(Entries taken from a collection)
===

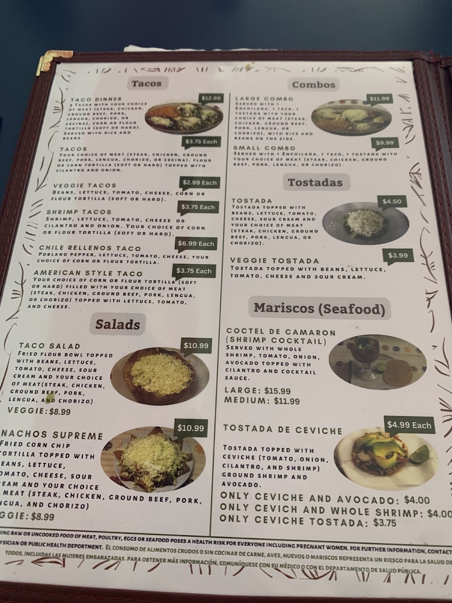 Your choice of meat (steak, chicken, ground beef, pork, lengua, chorizo, or cecina), flour or corn tortilla and your choice of toppings (cilantro, onion, lettuce, tomato, and cheese).
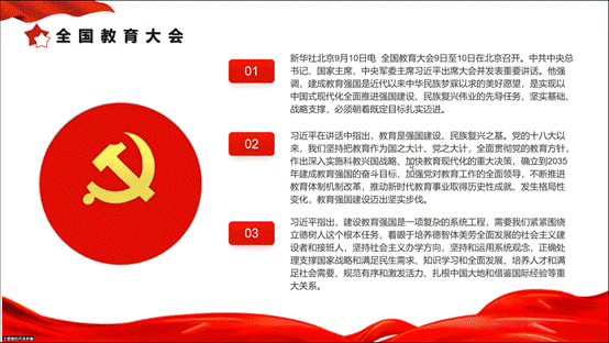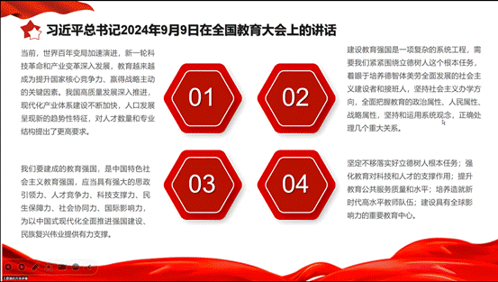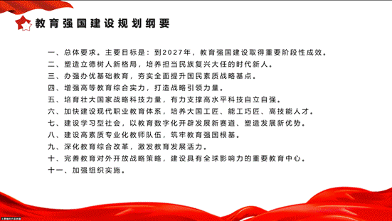 会议第四部分学习了《教育强国建设规划纲要》的核心内容。纲要明确,到2027年我国教育强国建设要取得阶段性成效,提出塑造立德树人新格局、增强高等教育综合实力、培育壮大国家战略科技力量、建设学习型社会、完善教育对外开放战略策略等11项重点内容。
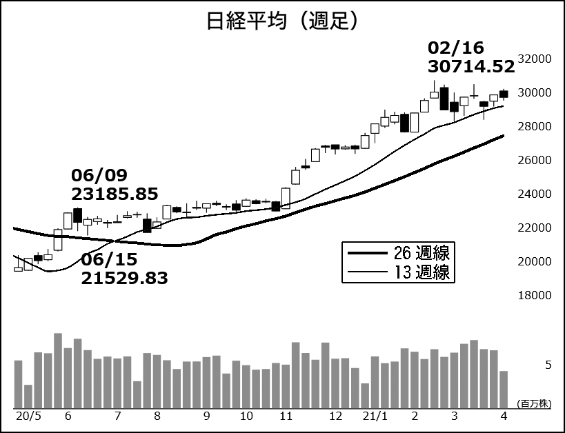 日足チャート上では、3万円の大台に乗せるも、上値は抑えられ僅かに5日移動平均線(2万9798円)を割り込んだ。上昇を見せる25日移動平均線(2万9442円)がサポートとなっている。週足では、3万円の大台を回復したものの維持できず、陰線を引く形。13週移動平均線上でのトレンドは継続。
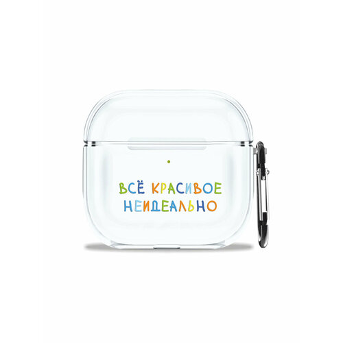Силиконовый чехол DesignOnCase для беспроводных наушников AirPods 4, с карабином, глянцевый, Всё красивое неидеально
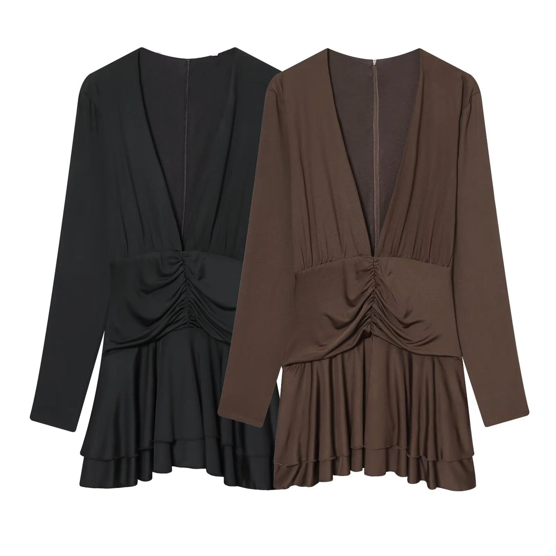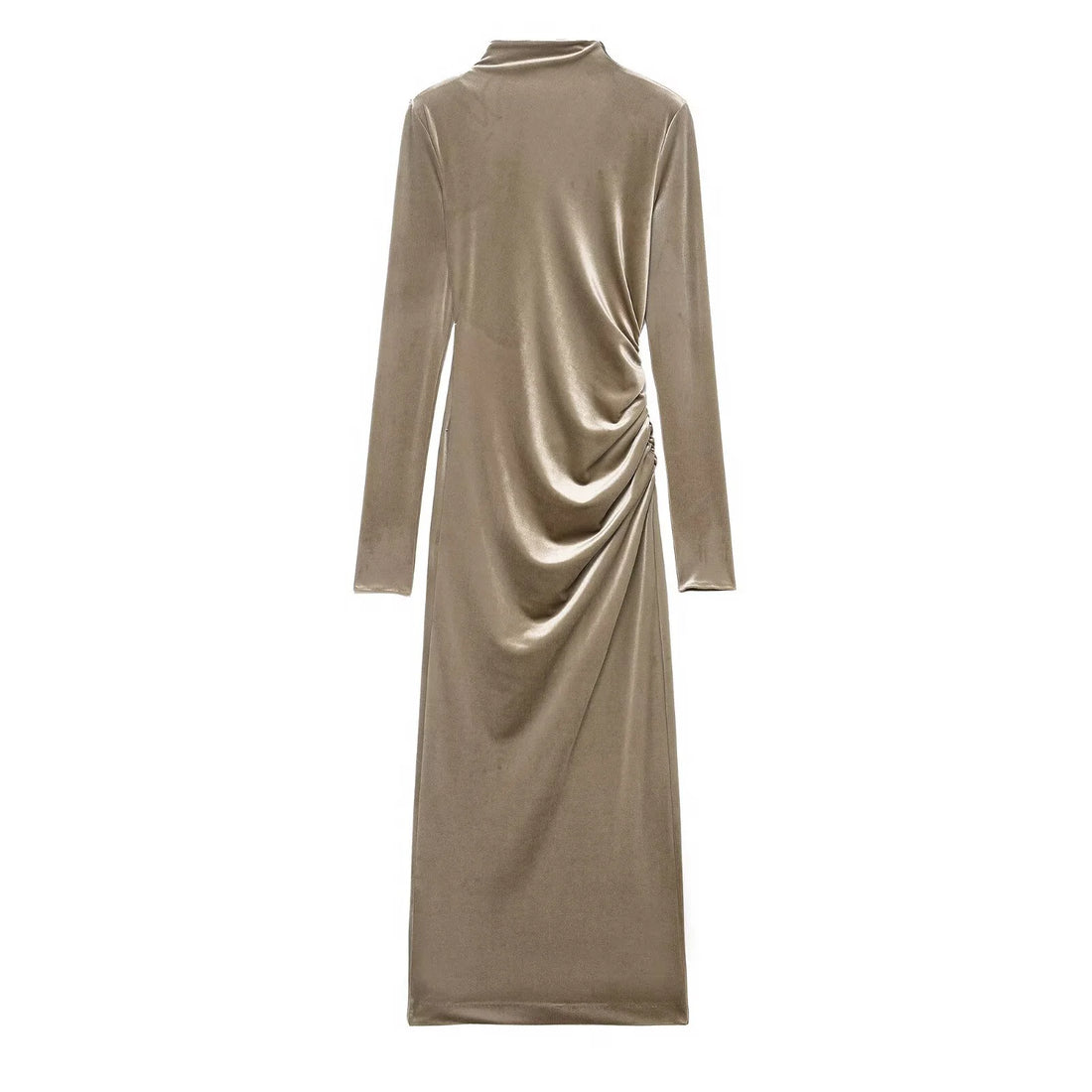 European and American style 2025 winter new women's clothing temperament slim fit waist pleated jumpsuit style dress
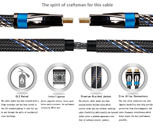 FARSTRIDER HDMI cable 2.0 Version Super High Quality with 3D Technology and Audio return(ARC)/CAT-2 HDMI Cable(Full 1080p/2160p approved),Full Ultra HD 4k support - 2160p (4096 X 2160 pixels),extended colour spaces such as xv Colour and Deep Colour.Supports 720p, 1080i,1080p and 2160p also Supports 4K x 2K Video and more color spare,Supports 54-Bit Deep Color for a Crispy Image.Supports True HD Dolby 7.1 and DTS-HD Master Audio,Support for all television with 1000Hz rates and above.
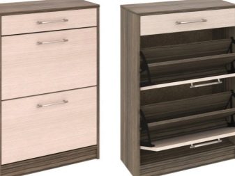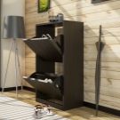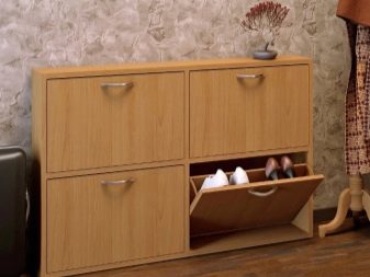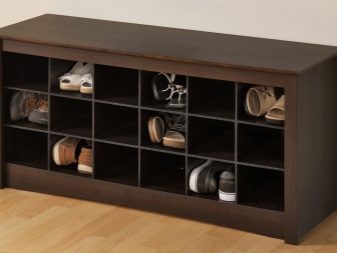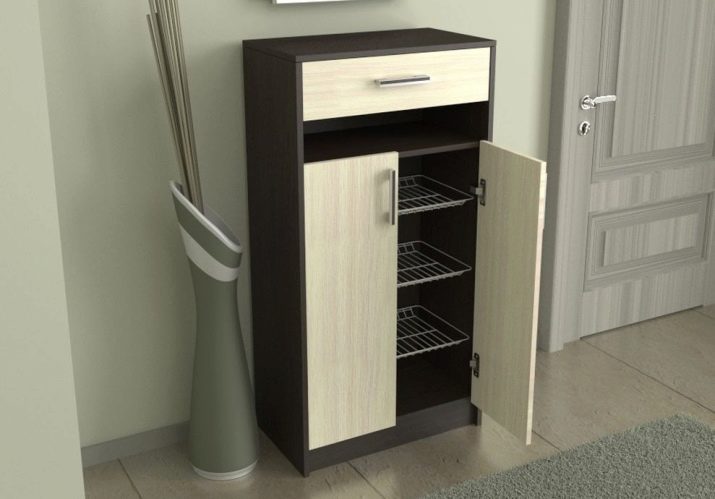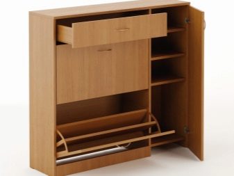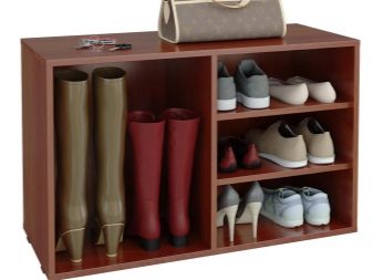 Den første mulighed indebærer fravær af vinger, det indvendige rum kan opdeles i vandret placerede hylder i flere lag eller firkantede hylder, hvor skabet opdeles i flere separate rum. I sådanne skabe er det mest praktisk at opbevare sæsonsko, det vil tørre ud ganske hurtigt, da der vil være god luftcirkulation inde.
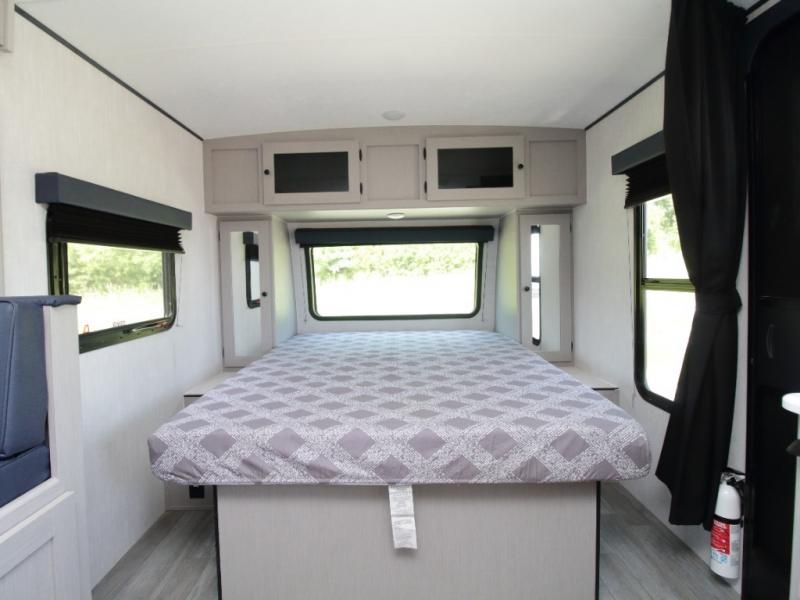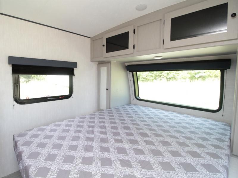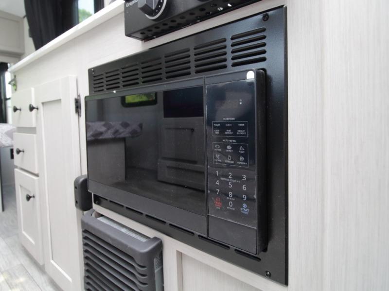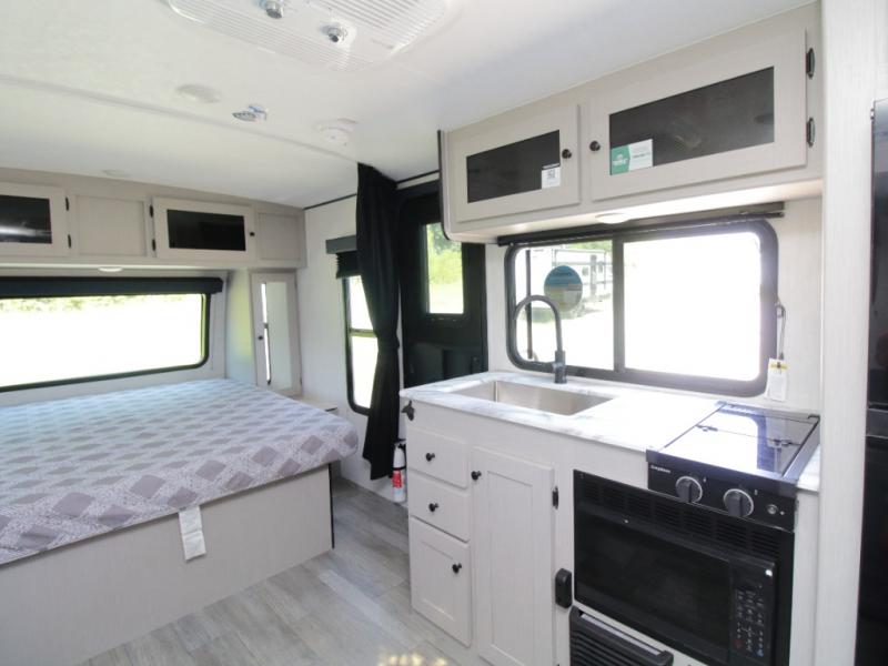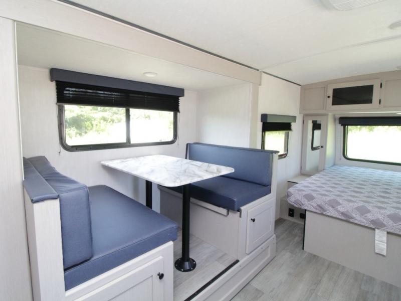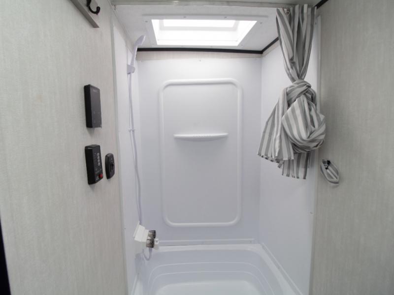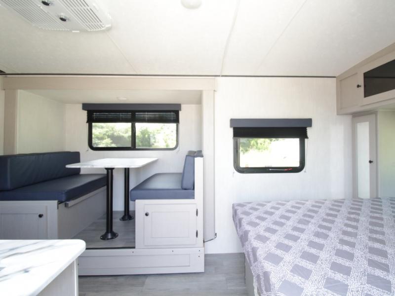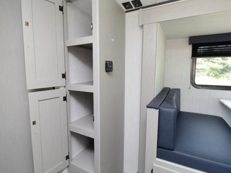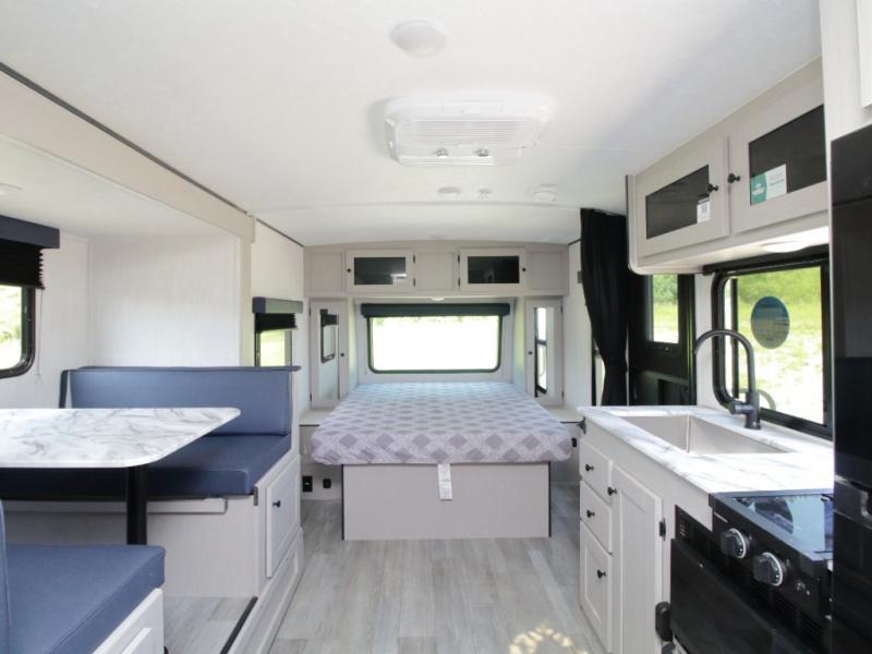 Prepare meals effortlessly with a two-burner cooktop, microwave, and pantry for storing snacks and essentials. Enjoy your meals at the spacious booth dinette slide, which also provides extra interior space. After a day of adventure, refresh in the full rear corner bathroom with a tub/shower combo.

===

§ Required action:
Excluding every picture, write out each record word for word.

§ Written solution:
 Your choice of meat (steak, chicken, ground beef, pork, lengua, chorizo, or cecina), flour or corn tortilla and your choice of toppings (cilantro, onion, lettuce, tomato, and cheese).
 会议第四部分学习了《教育强国建设规划纲要》的核心内容。纲要明确,到2027年我国教育强国建设要取得阶段性成效,提出塑造立德树人新格局、增强高等教育综合实力、培育壮大国家战略科技力量、建设学习型社会、完善教育对外开放战略策略等11项重点内容。
 日足チャート上では、3万円の大台に乗せるも、上値は抑えられ僅かに5日移動平均線(2万9798円)を割り込んだ。上昇を見せる25日移動平均線(2万9442円)がサポートとなっている。週足では、3万円の大台を回復したものの維持できず、陰線を引く形。13週移動平均線上でのトレンドは継続。
Силиконовый чехол DesignOnCase для беспроводных наушников AirPods 4, с карабином, глянцевый, Всё красивое неидеально
 European and American style 2025 winter new women's clothing temperament slim fit waist pleated jumpsuit style dress
 FARSTRIDER HDMI cable 2.0 Version Super High Quality with 3D Technology and Audio return(ARC)/CAT-2 HDMI Cable(Full 1080p/2160p approved),Full Ultra HD 4k support - 2160p (4096 X 2160 pixels),extended colour spaces such as xv Colour and Deep Colour.Supports 720p, 1080i,1080p and 2160p also Supports 4K x 2K Video and more color spare,Supports 54-Bit Deep Color for a Crispy Image.Supports True HD Dolby 7.1 and DTS-HD Master Audio,Support for all television with 1000Hz rates and above.
 Den første mulighed indebærer fravær af vinger, det indvendige rum kan opdeles i vandret placerede hylder i flere lag eller firkantede hylder, hvor skabet opdeles i flere separate rum. I sådanne skabe er det mest praktisk at opbevare sæsonsko, det vil tørre ud ganske hurtigt, da der vil være god luftcirkulation inde.
 Prepare meals effortlessly with a two-burner cooktop, microwave, and pantry for storing snacks and essentials. Enjoy your meals at the spacious booth dinette slide, which also provides extra interior space. After a day of adventure, refresh in the full rear corner bathroom with a tub/shower combo.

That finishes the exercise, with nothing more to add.